### GOAL OF THE EXERCISE
Wherever the listing holds a picture, leave it out, and copy the remainder exactly.

### AVAILABLE DATA
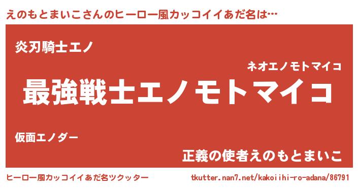 | 意味不明あだ名 | 『自称えのもとまいこ』 |
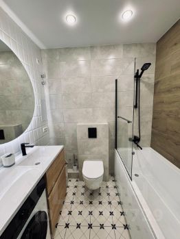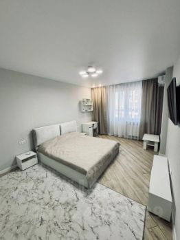 В квартире сделан евроремонт, что создаёт современную и стильную атмосферу. На кухне и в комнате есть вся необходимая мебель, а также техника: кондиционер, холодильник, телевизор и стиральная машина. Ванная комната оборудована как ванной, так и душевой кабиной, что делает её функциональной и удобной.
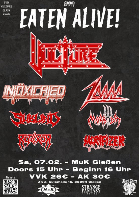Mit REFLEXOR und SACRIFIZER sind zwei heiße Eisen aus der Region am Start; mit SUBLIND aus Luxemburg, MORBYDA aus Leipzig sowie INTÖXICATED aus Osnabrück erweitern den Radius, um mit VULTURE und ZERRE europaweit bekannte Acts die Bühne abbrennen zu lassen!
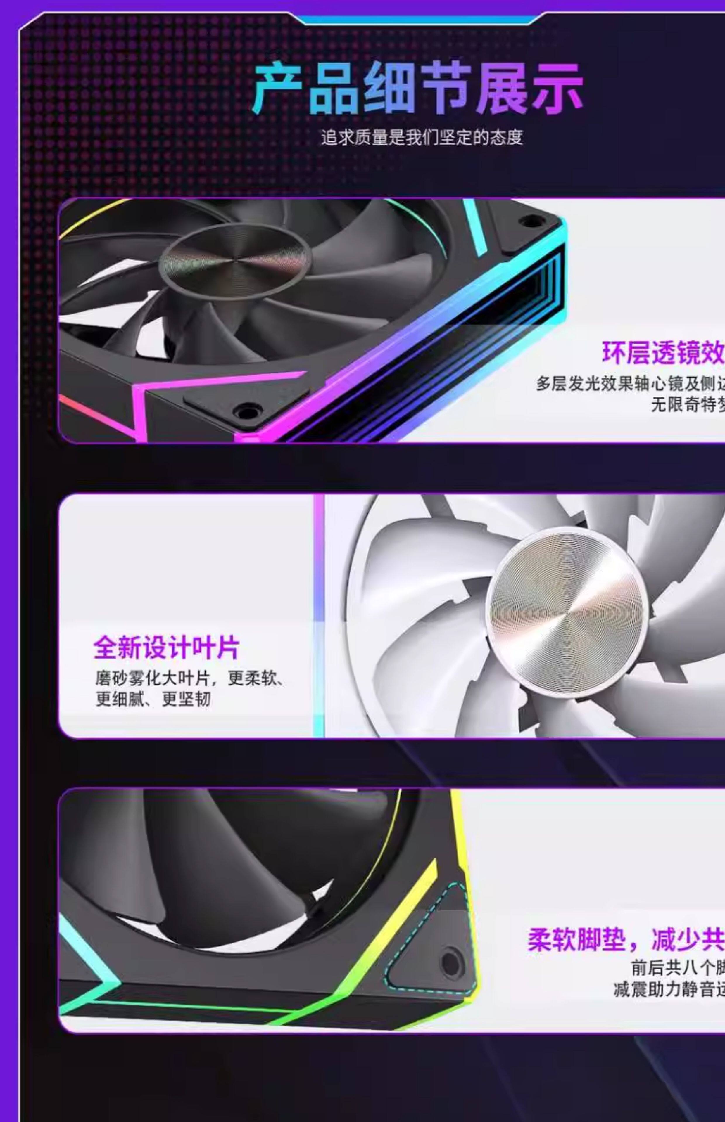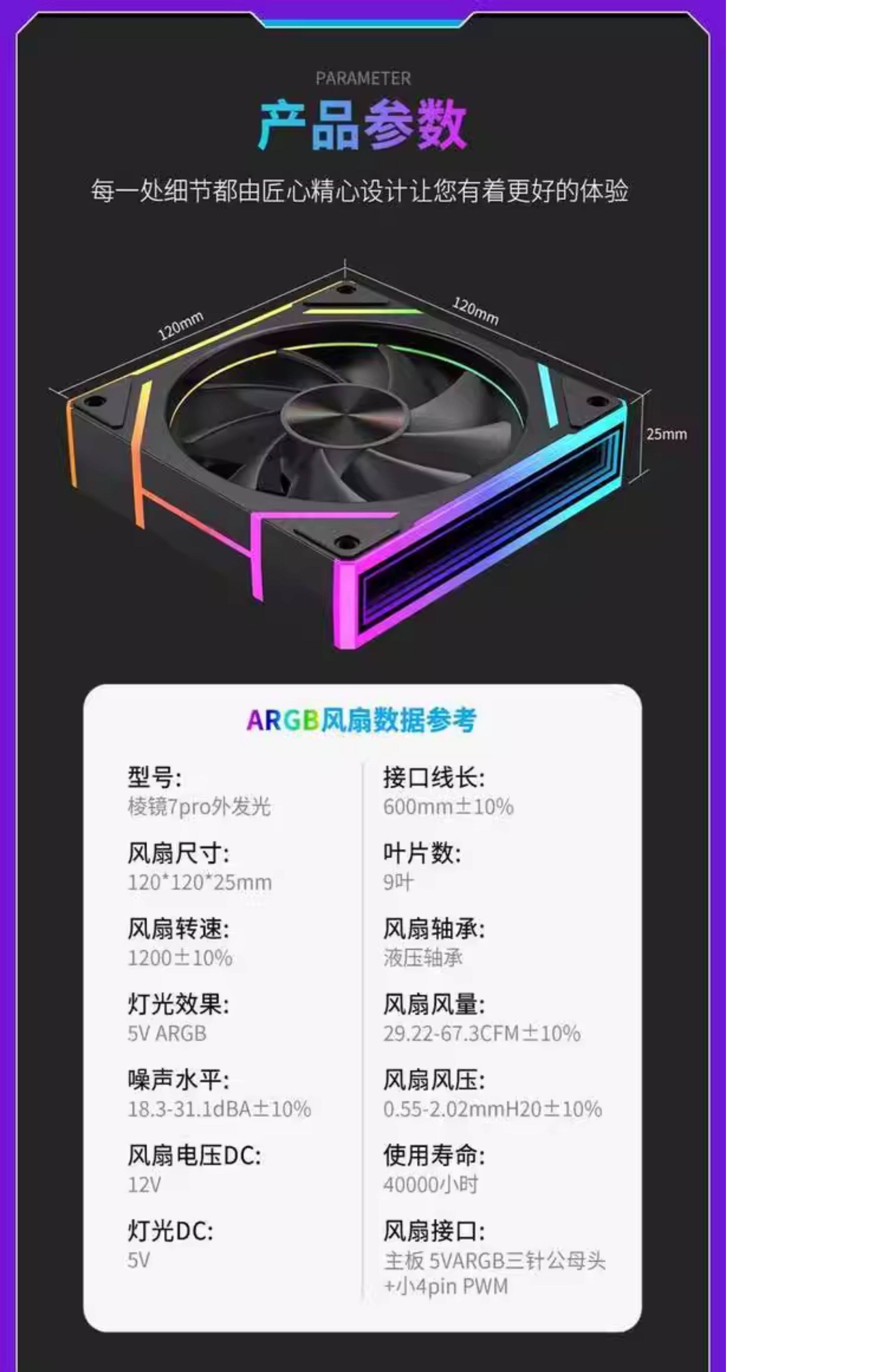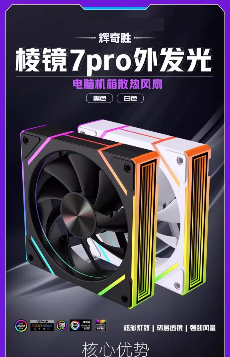 Prism 7Pro Cooling Case Fan 12cm Panoramic View Room Computer Silent Argb Synchronized Cd Pattern External Lighting

### EXERCISE ANSWER
 | 意味不明あだ名 | 『自称えのもとまいこ』 |
 В квартире сделан евроремонт, что создаёт современную и стильную атмосферу. На кухне и в комнате есть вся необходимая мебель, а также техника: кондиционер, холодильник, телевизор и стиральная машина. Ванная комната оборудована как ванной, так и душевой кабиной, что делает её функциональной и удобной.
Mit REFLEXOR und SACRIFIZER sind zwei heiße Eisen aus der Region am Start; mit SUBLIND aus Luxemburg, MORBYDA aus Leipzig sowie INTÖXICATED aus Osnabrück erweitern den Radius, um mit VULTURE und ZERRE europaweit bekannte Acts die Bühne abbrennen zu lassen!
 Prism 7Pro Cooling Case Fan 12cm Panoramic View Room Computer Silent Argb Synchronized Cd Pattern External Lighting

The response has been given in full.